Hi all,
I've noticed that dplyr::rowwise()
is back on the table (" rowwise()
is no longer questioning", from https://github.com/tidyverse/dplyr/blob/master/NEWS.md).
I am happy about that since the syntax is sleek, but I wonder if there are any reason to believe that rowwise()
based workflows could become much faster in the near future?
For now, the small following benchmark based on the non-(fully)-vectorized function dplyr::between()
shows that purrr::pmap()
remains much more efficient (both in terms of CPU and memory) when datasets get relatively large:
library(tidyverse)
set.seed(1)
iris_big <- as_tibble(iris[sample(1:nrow(iris), 5e+5, replace = TRUE), ])

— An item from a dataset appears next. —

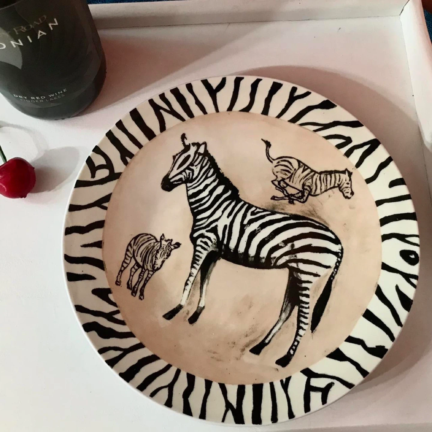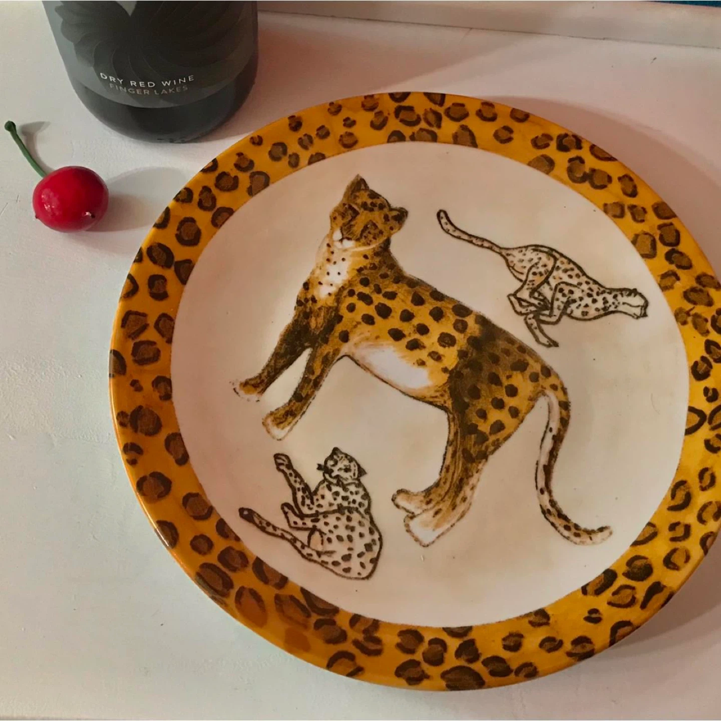 Two decorative plates feature unique animal designs. One plate showcases leopards with a leopard print border, and the other displays zebras with a zebra stripe border. These plates add a touch of wild charm to any decor!

iris_big$Sepal.Width <- iris_big$Sepal.Width + 2 # for test below not to be just TRUE
test_big <- bench::mark(
vectorised_between = {iris_big %>%
mutate(test = Sepal.Width >= Petal.Length & Sepal.Width <= Sepal.Length)},
pmap_between = {
iris_big %>%
mutate(test = pmap_lgl(list(Sepal.Width, Petal.Length, Sepal.Length), between))},
rowwise_between = {
iris_big %>%
rowwise() %>%
mutate(test = between(Sepal.Width, Petal.Length, Sepal.Length)) %>%
ungroup()},
iterations = 10)
test_big
#> # A tibble: 3 x 6
#> expression min median `itr/sec` mem_alloc `gc/sec`
#> <bch:expr> <bch:tm> <bch:tm> <dbl> <bch:byt> <dbl>
#> 1 vectorised_between 22.69ms 36.83ms 24.9 24.3MB 17.4
#> 2 pmap_between 1.17s 1.26s 0.794 19.1MB 4.69
#> 3 rowwise_between 9.83s 10.3s 0.0972 101.9MB 3.73
plot(test_big)
My immediate interest is that I will soon be attempting to convert SPSS people to use R and these people deal with large datasets only. I wonder whether I could spare "purrring" them...
PS: I used here between()
only as an example and I do know that many tasks can be vectorized.